__RECORDS TO PROCESS__

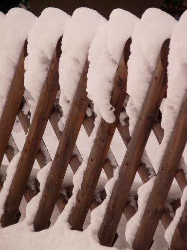 Keywords: fence garden fence wood fence battens winter snow snowy cold icy white brown
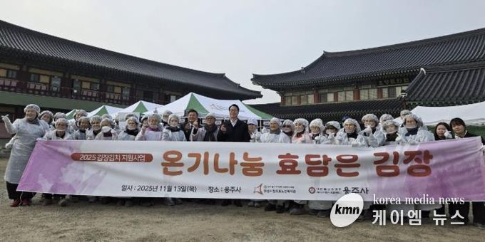 (케이엠뉴스) 화성시 정조효노인복지관이 13일 지역 대표 사찰인 용주사와 함께 ‘용주사와 함께하는 김장행사’를 개최했다.
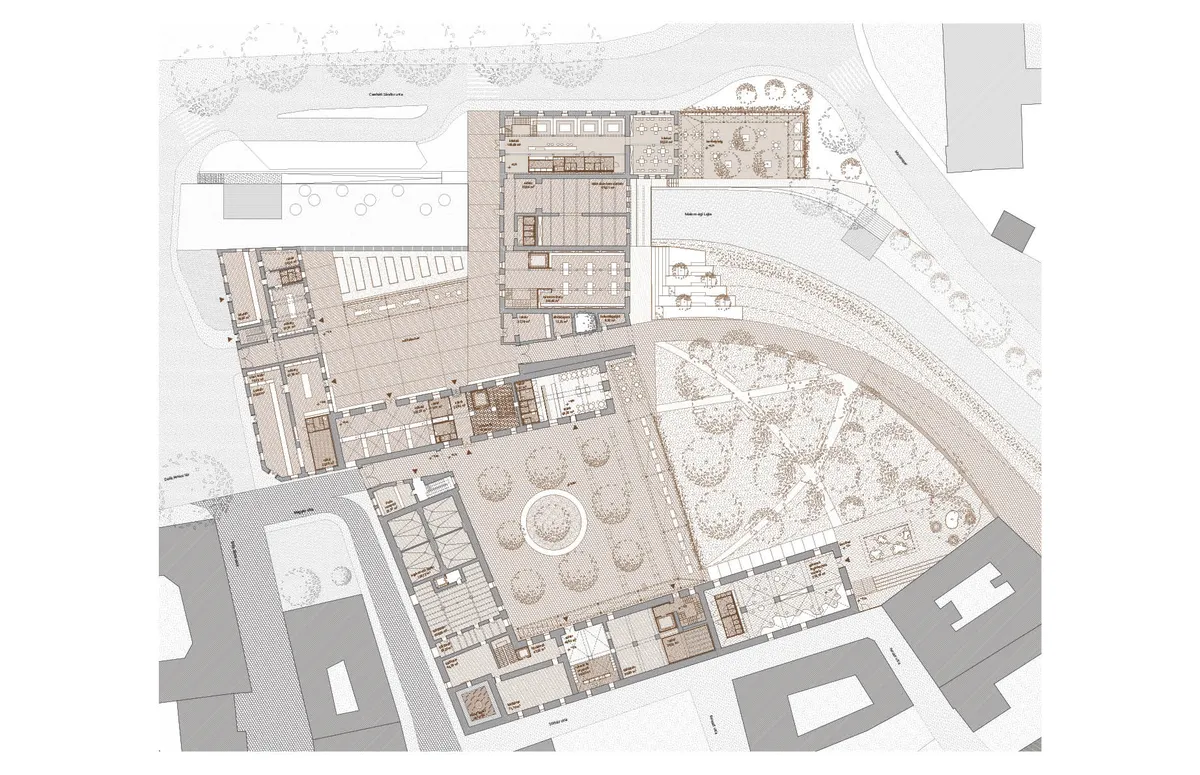 MAIN LEVEL - I have arranged the main level with architectural and landscape interventions. An important part of my concept was the integration of the courtyards in the area into the urban fabric, the creation of new passages using existing connections, and the creation of access to the Lajta waterfront. Architectural interventions will be implemented in the interior and exterior spaces to serve the new functions with minimal intervention.
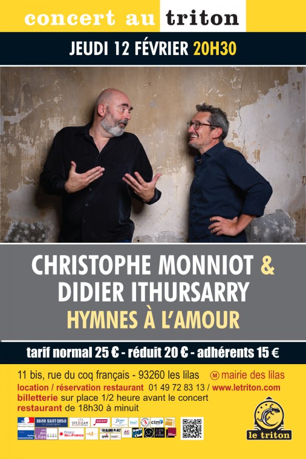 « Christophe Monniot et Didier Ithursarry n’en sont pas à leur première collaboration. Leur art en duo relève d’un véritable dialogue. Un même souffle inspiré traverse les anches des saxophones et habitent les lames de l’accordéon. Tous deux ont enraciné leur pratique dans les musiques populaires des bals musette et sont par ailleurs d’ardents improvisateurs. Brillants techniciens, ils n’en sont pas moins de sensibles créateurs. De leur complicité résultent des échanges porteurs tour à tour, d’énergie, de sensibilité, de précision ou de folie. » Nicole Videmann
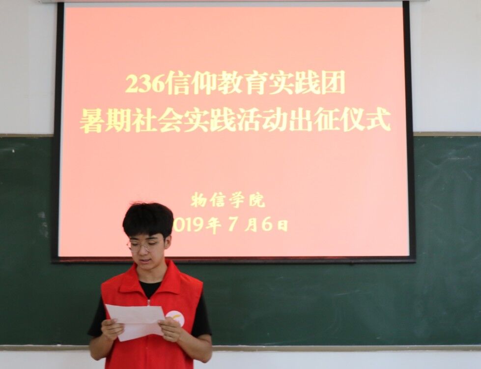 2019年7月6日下午5:30,公司在四号楼二层多功能会议室举行236信仰教育实践团暑期社会实践活动出征仪式。出征仪式由公司党委书记陈向波出席,专职辅导员马丽娜和236信仰教育实践团全体成员参加。员工236党支部书记岳文慧主持出征仪式。
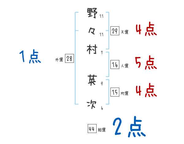 人運![]() | 野々村英次さんの人運は16画の5つ星!人望が厚く大きく発展する。逆転成功が見える。 性格や才能などを表す2番目に重要な運勢です。人間関係や協調性、社会的な成功に影響します。主に20歳から50歳ぐらいまでの中年期の運勢を表します。 |
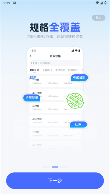 规格齐全:提供超全的证件照规格供用户选择,满足各种场景需求。
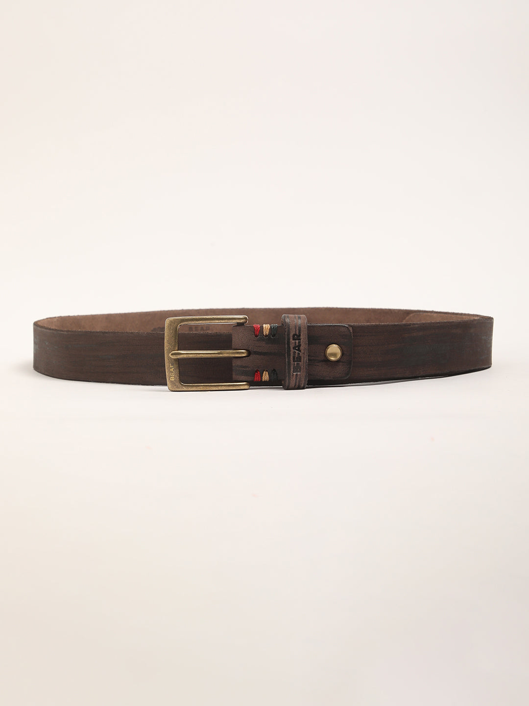 Shop Men Brown Pure Leather Slim Width Casual Belt with Tang Closure Online.
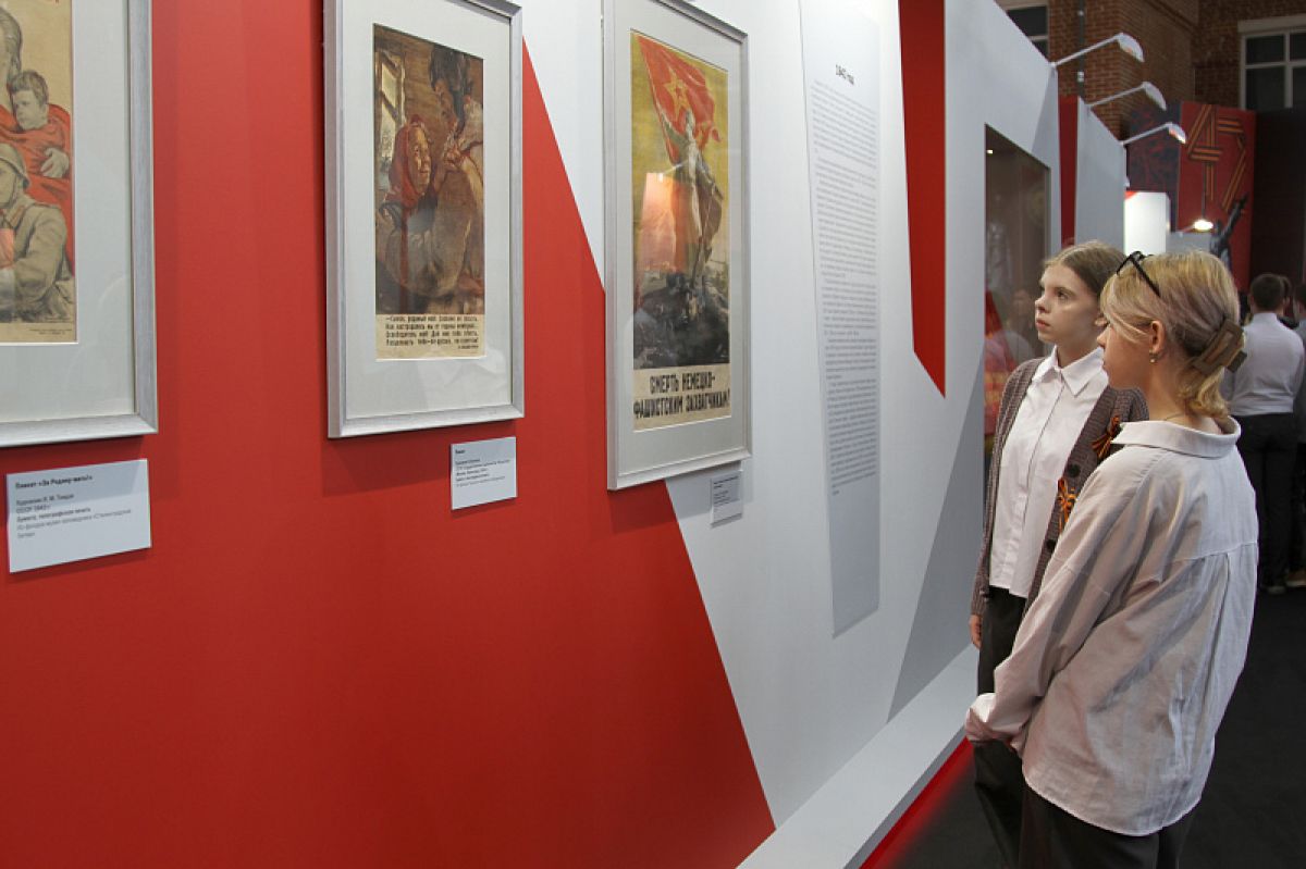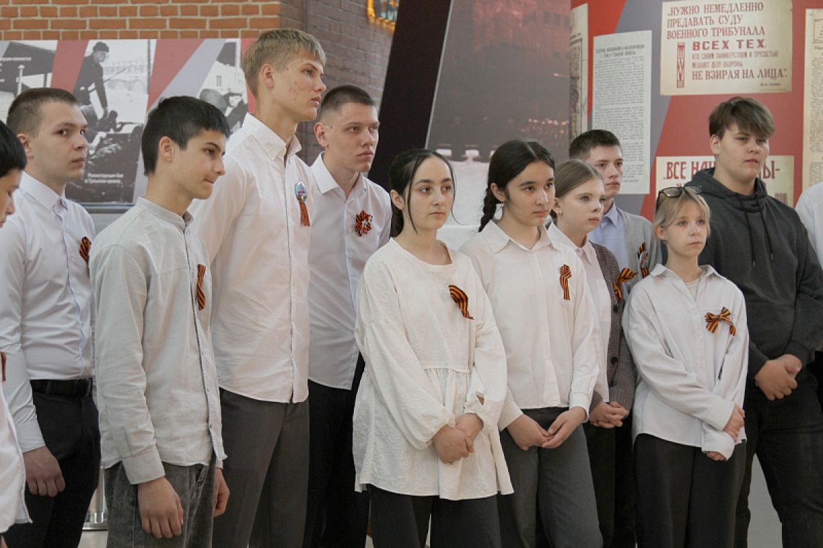 На выставке в атриуме Тульского кремля школьники познакомились с историей Великой Отечественной войны, событиями, произошедшими на фронтах и в тылу, подвигами солдат, героев труда, партизан.

__INSTRUCTIONS FOR THE TASK__
Each line from the one holding "Shop Men Brown" through the last line of the records above must be duplicated exactly, and pictures must not be.

__SOLUTION BELOW__
 Shop Men Brown Pure Leather Slim Width Casual Belt with Tang Closure Online.
 На выставке в атриуме Тульского кремля школьники познакомились с историей Великой Отечественной войны, событиями, произошедшими на фронтах и в тылу, подвигами солдат, героев труда, партизан.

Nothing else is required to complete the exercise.